Firstly, is a EFLI test a legal requirement for fixed wired appliances?
If so how would I go about testing EFLI when an overload is located in the circuit?

I have done earth loop tests through overloads but the results are always above acceptable levels. Cheers
   

AlecK
Mar 02 2018 09:32

An EFLI test is not required by Section 8 of "3000" for new circuits supplying directly-connected equipment only. The requirement is to test circuits that supply socket outlets that are not protected by an RCD.

But there are several related requirements.

Where automatic disconnection is the adopted method of providing fault protection [2.4], we have to ensure for ALL circuits that the circuit protective device (fuse,mcb, or RCD)will trip within the time set by 1.5.5.3 & 5.7.

The earth continuity test provides some of the assurance we need, as does the much longer time permitted for non-socket circuits compared to sockets.


When you say the results you've had with an overload in circuit are unacceptable, it's likely that either there's something very wrong with your installation, or you're not testing correctly, or you're not using the correct value for "acceptable". After all, the overload function of an mcb operates on exactly the same principle as a thermal overload for a motor - a resistance causes heating to trigger the tripping function. So it's not the presence of a relatively small impedance caused by an overload that is upsetting the readings.

To be clear, neither the mcb's thermal function, nor the overload's thermal function relates to fault protection, just making the point that mcbs introduce impedance in exactly the same way as overloads. The fault protection function is done using the short-circuit magnetic trip of the mcb.

While an EFLI test is only required for circuits supplying sockets, there's no reason to avoid testing other circuits; using the same methods as described in 8.3.9.2 of "3000".(also in "3017". However you'll need to do some maths because Table 8.2 doesn't provide any values for 5-second trip times. Table 8.1 does, but only for HRC fuses.

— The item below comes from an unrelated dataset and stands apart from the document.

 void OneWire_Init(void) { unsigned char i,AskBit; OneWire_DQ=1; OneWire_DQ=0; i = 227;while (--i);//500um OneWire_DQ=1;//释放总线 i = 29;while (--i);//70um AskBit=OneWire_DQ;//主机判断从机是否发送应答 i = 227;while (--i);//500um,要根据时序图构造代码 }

We can't just assume that the short-circuit function will take care of it, because the specified trip times are different, and because PECs in the EF loop are often smaller (more impedance) than other phases or the N used for short-circuit trip calcs.

But we should know enough other facts that we can draw some conclusions. First we know - from earth continuity testing - that the PEC side of things is of low enough impedance to trip within 0.4 sec. We know the required trip time for non-sockets is 5 seconds. And we should know that the actives of the circuit are of low enough impedance to comply with volt drop requirements. That's the same impedance that influences trip time for fault protection; so if there's a problem it's going to show up long before there's an earth fault. And we can reasonably rely on the rest of the EF loop, excluding the final subcircuit, being OK. The assumptions we make for the part of the EF loop external to the installation are explained in Notes to table 8.2 and in detail in Appendix B.

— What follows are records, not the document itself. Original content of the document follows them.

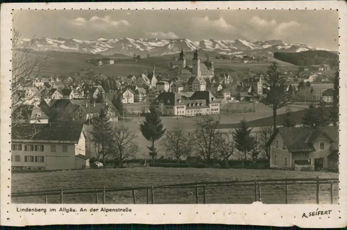 Ansichtskarte Lindenberg (Allgäu) Stadt mit Alpen 1939
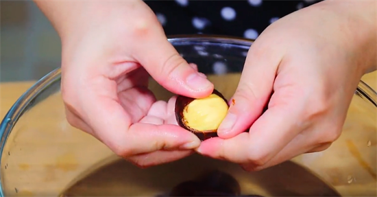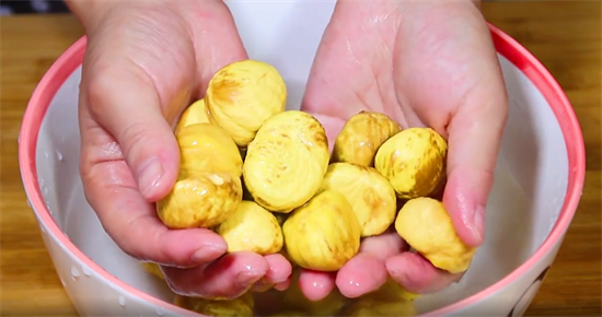 这里再给大家分享一个保持板栗外貌新鲜的好办法,剥好的板栗马上放在清水里泡着,这样可以防止板栗氧化变黑。虽然不影响口感,但是会影响卖相。用这样剥出来的板栗一颗一颗十分的分明,不管是用来炖汤,还是用来包粽子,都很方便。
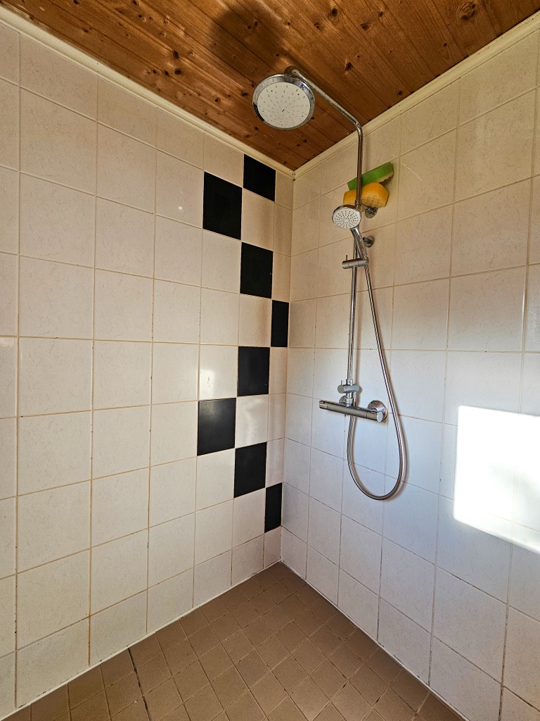 KYLPYHUONEEN KUVAUS: Suihku. Lattia laatta, seinät kaakeli.

Taken overall, these factors mean we can be confident of EFLI being compliant for non-socket circuits without full testing.

For RCD-protected sockets, even easier: the max trip time is 0.4 seconds; and the RCD will operate within 0.3 seconds. Job done.

There's also the safety side - live EFLI testing for anything other than a socket is dangerous. Not only do we have to access live terminals of the equipment at the end of the subcircuit, but that equipment could be motor-driven equipment that will likely be in motion while we're attempting to connect our test gear to the motor.

Since HSW rules, including "4836" (which ESR 100 requires us to follow) mean we're not allowed to do anything "live" that we don't absolutely have to do "live", we should be using the "dead" loop resistance test method whenever possible,; ie test BEFORE connecting the subcircuit to supply at the switchboard.


   

Cripp
Mar 02 2018 11:21

Thankyou for clearing that up for me AlecK.
The impedance of the overloads is quite high(have tried the live test on multiple overload brands)thus the unacceptable readings. With the O/Ls taken out of the circuits ELFI results pass, but altering the circuit seems to null and void the test.

Your's and others wealth of knowledge on this forum is incredible, thankyou for sharing it with us AlecK.
   

DougP
Mar 02 2018 14:51

Cripp.
What are you meaning by overload?
A normal MCB or RCD in the circuit has negligible resistance that would affect a loop impedance test.
   

mf51to1
Mar 02 2018 20:29

[quote]I have done earth loop tests through overloads but the results are always above acceptable levels. Cheers[/quote]

I have found this to be the case testing EFLI on C-bus controlled lighting circuits too.